The problem is, the way you have written it, the assertion does not need a query, because it is preceded by a statement which, by assumption, establishes it! What you do in Note 0 is rather to refine "Establish..." , to show that it terminates, to aid in its implementation, etc. I'm not sure if there's a better notation to use, but it's worth pointing out.
* The First Termination Lemma is not correct. You may verify that the following program fits your program scheme, but does not terminate:
n := 0 ; do n ≠ 1 -> n := n+2 od .
In order to make your Lemma correct, you should add that the loop maintains n ≤ N as invariant. In that case the initial assignment to n is overspecific.
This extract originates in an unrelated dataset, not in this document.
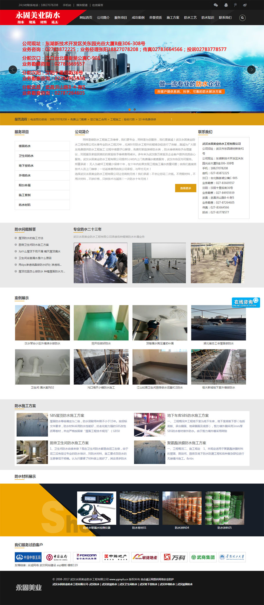 武汉永固美业防水工程有限公司法人张光荣1968农村出生,93年毕业于湖南工程大学,94年至95年在武汉四建工程公司工作,指导防水监督,96年自己拉起一支5个人的防水队伍,2002年成立了注册武汉固强美服务部,陪养了22名技术过硬防水师傅,2006年注册武汉永固美业防水工程有限公司,注册资金200万,技术师傅有35名,2013年成功申请由湖北省建设局颁发的贰级建筑防水资质证,武汉各区多有分站点,公司服务宗旨质量加质量,业务不愣大小,只要你一个电话我们免费上门为你勘察出方案,补漏优势; 我们公司有先进漏水检测仪,可以准确无误的测出地下自来水管漏水点位置。对于不同的漏点有多种机器补漏设备,有着过硬的技术,才可以保证质量的通关,我们坚信好的质量就有好的口碑,企业的成长和质量是密切相关,承接业务为了企业利益,接受了你们的业务赚一千赚一万是我们份内的事情,保证质量是我们的原则。我们不会因为某个单子业务报低价去偷工减料在从工料中获得利益,赚钱要赚的心安,防水事业好比针挑手刺一点马虎不得,水无孔不入,差的质量和做工当时可能不漏,过个两三年肯定会渗水,我们不敢说自己质量第一,但敢说质量好。到业主施工师傅都有5年以上工龄,经过公司反复考察人品和技术合格后才可以去上位施工,公司奖罚分明,对于施工大意保修期内造成漏水事故,惩罚力度很大,扣除半年奖金。公司一路走来这些年头感谢所有员工的支持和团结,也感谢各位业主的介绍,到目前公司员工有86名,防水补漏设备16台,漏水检测设备3台,防水材料仓库3间,欢迎各界人士来电咨询,我们将一如既往的为武汉人民服务
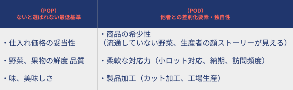 ・例:「希少野菜の取り扱い」「小ロットなどの柔軟な対応」「加工場の有無」など。

You could just write: For increasing f , the following program terminates:
{ inv: n ≤ N } do n ≠ N -> ... ; n := f.n od ,
where "..." does not contain assignments to n . (Notice I omitted the word 'clearly' .) I might also add that there is a similar Termination Lemma for decreasing f .
* At the bottom of the page, there is a huge amount of space around the equals sign. (This is one of the few typographically ugly things in your note.)
------
PAGE 2
------
* At the top of Page 2 , you laconically begin: "We observe" . This is too terse for my liking. What are you observing? What are you calculating? Why? You can answer these questions with a single sentence, which would help direct and orient your readers. Remember, every calculation occurs in a context, so you need to either give the context explicitly, or let your readers know what you are doing, so they know where your assumptions come from.
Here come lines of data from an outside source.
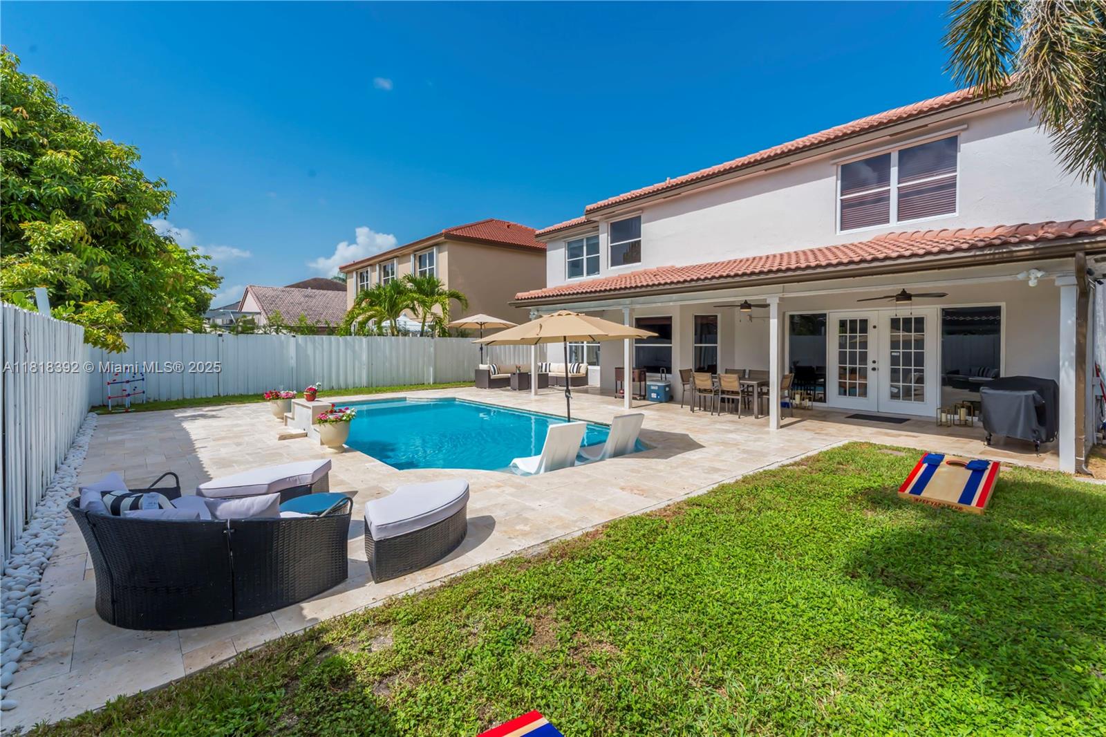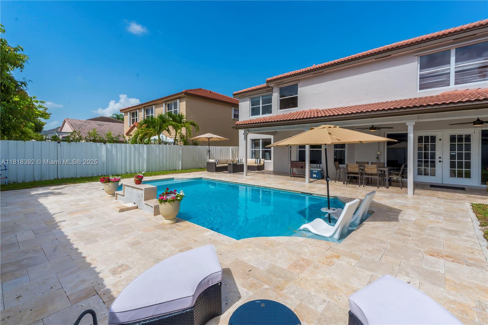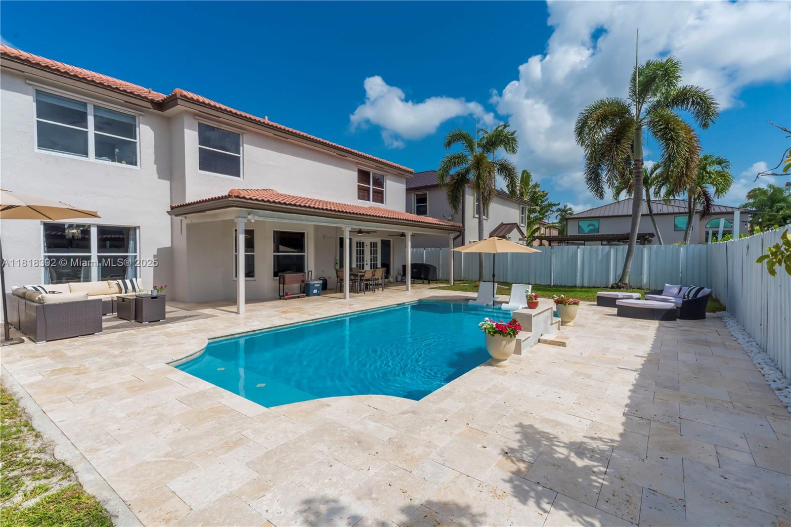 Welcome to this beautifully maintained 5-bedroom, 3-bathroom single-family home located in the sought-after gated community of Silver Lakes. This spacious two-story residence offers a functional floor plan with a full bedroom and bathroom on the first floor, perfect for guests or a home office. Enjoy outdoor living with a recently resurfaced pool and brand-new paver patio, ideal for entertaining. The fenced backyard adds privacy and is great for kids or pets. Additional features include a 2-car garage, tile flooring, wood flooring upstairs, and plenty of natural light throughout.
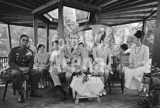 akg5195210 Mohammed Resa Pahlewi (Mohammad Reza Pahlavi), Schah von Persien (1941-80), 1919-1980. - Staatsbesuch in Thailand, Januar 1968: in einem Pavillon auf dem Gelände des Großen Palastes in Bangkok v. li. König Bhumibol (Rama IX), der Schah, Kaiserin Farah Diba und Königin Sirikit. - Foto. Copyright: For editorial use only.
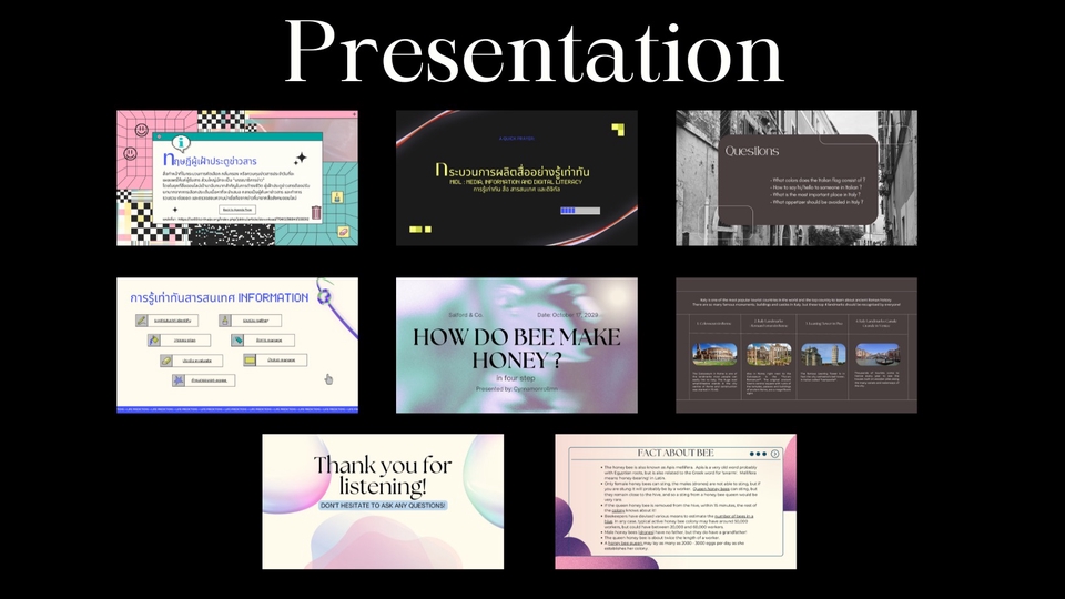ปัจจุบันเป็นนิสิตชั้นปีที่ 4 มหาวิทยาลัยเกษตรศาสตร์ ภาควิชานิเทศศาสตร์ คณะมนุษยศาสตร์ สามารถออกแบบ presentation ได้หลักหลายสไตล์ค่ะ สไตล์ที่ถนัดจะเป็นแบบมินิมอล สบายตาค่ะ ขั้นตอนการทำงาน 1. ลูกค้าบรีฟงาน ส่งเนื้อหา แจ้งไสตล์ที่ต้องการและจำนวนหน้า 2. รับบรีฟและเริ่มงาน 3. เสร็จงานจะส่งให้ลูกค้าพรูฟต่อค่ะ
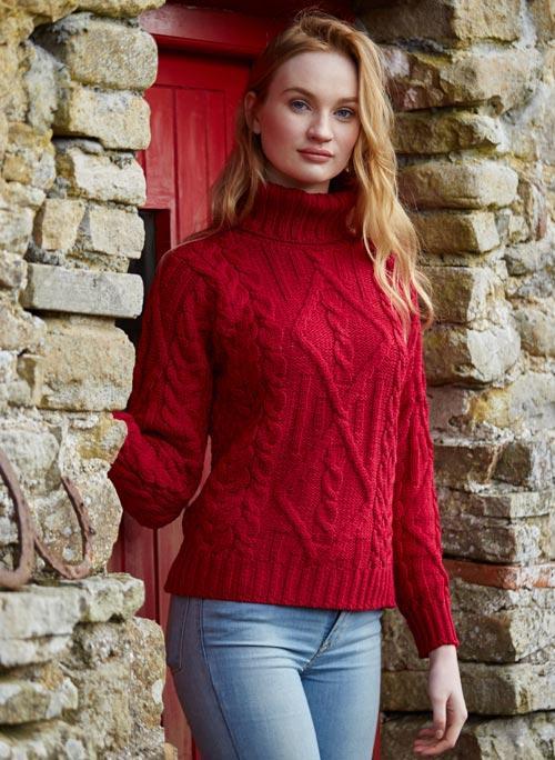 Traditional stitches are used throughout this garment. The beautifully soft Merino wool in the high collar gives this sweater extra warmth, and when added to the traditional stitches that have been used a story is told by the wearer. The cable stitches symbolise the Fishermans ropes, and the centre panel with the diamond stitch represents wealth or success. The pattern used on the back reflects the same one that has been used on the front. The sleeves have a mixture of cables, diamonds and basket stitches. All these stitches combined together tell a story, maybe giving the wearer the ‘gift o’ the gab!!’
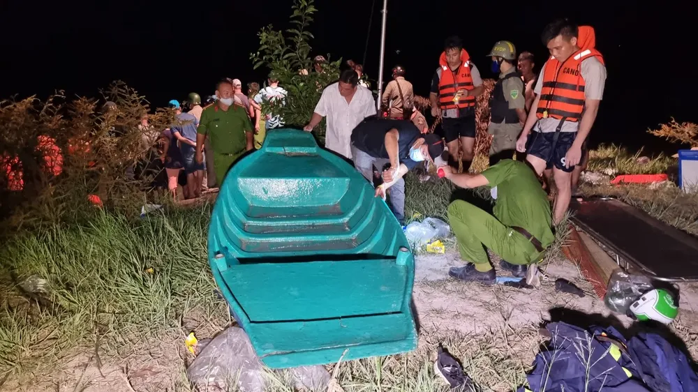 Lực lượng cứu hộ cùng người dân địa phương đã mang phao, lặn tìm kiếm các nạn nhân. Đến gần 24 giờ đêm, lực lượng cứu hộ mới tìm thấy thi thể cuối cùng của ba thanh niên…
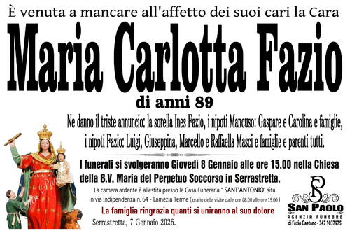 Ne danno il triste annuncio: la sorella Ines Fazio, i nipoti Mancuso: Gaspare e Carolina e famiglie,

* The spacing on the second line of the calculation could be improved; you might want to put some space around the binary ↑ .
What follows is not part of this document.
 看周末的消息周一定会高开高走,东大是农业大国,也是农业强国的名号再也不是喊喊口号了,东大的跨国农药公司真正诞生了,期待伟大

* Your program fragment has the semi in the wrong place. It should precede "Establish..." .
* First of all, I think this program fragment should be preceded by { s = G.n } , for clarity. Second of all, why is "Establish s = G.(n+1) " part of the refinement of "Establish r = F.(n+1) " ? The former really has nothing to do with the latter. It is a separate concern, and I think it should be dealt with separately.
------
PAGE 3
------
* Again, for this Sidebar Calculation , please introduce the calculation. Remind the reader what you are calculating and why.
* The range of quantification 0 ≤ p < n remains the same for the entire calculation, so put this in the context. (I think this should always be done, where possible. But certainly it should be done when your calculation is long, wide, and involved, like this one is.)
* I am surprised you don't exploit the fact that absolute value (or 'positive value' , the concept you so nicely introduce) distributes over * . This would lead to a simpler calculation, and overall program!! In this calculation I use a postfixed ⁺ to denote absolute (positive) value:
〈max p :: (A.p * A.n)⁺ 〉
= { ⁺ over * }
〈max p :: (A.p)⁺ * (A.n)⁺ 〉
= { property of max }
〈max p :: (A.p)⁺ 〉 * (A.n)⁺
= { introducing G }
G.n * (A.n)⁺ .
This avoids a case distinction.
------
PAGE 4
------
* If you used the above calculation, the selection statement on Page 4 would become simply:
r := r ↑ s*(A.n)⁺ .
* After the program on this page, you say "Next we strengthen..." . This is too sudden! I feel you owe it to the reader to announce that you have completed the design of a program to compute the value you were looking for. Then announce that you are going to introduce some new variables to track the indices, and strengthen the invariant accordingly. Even better, tell the reader which variables will track which indices.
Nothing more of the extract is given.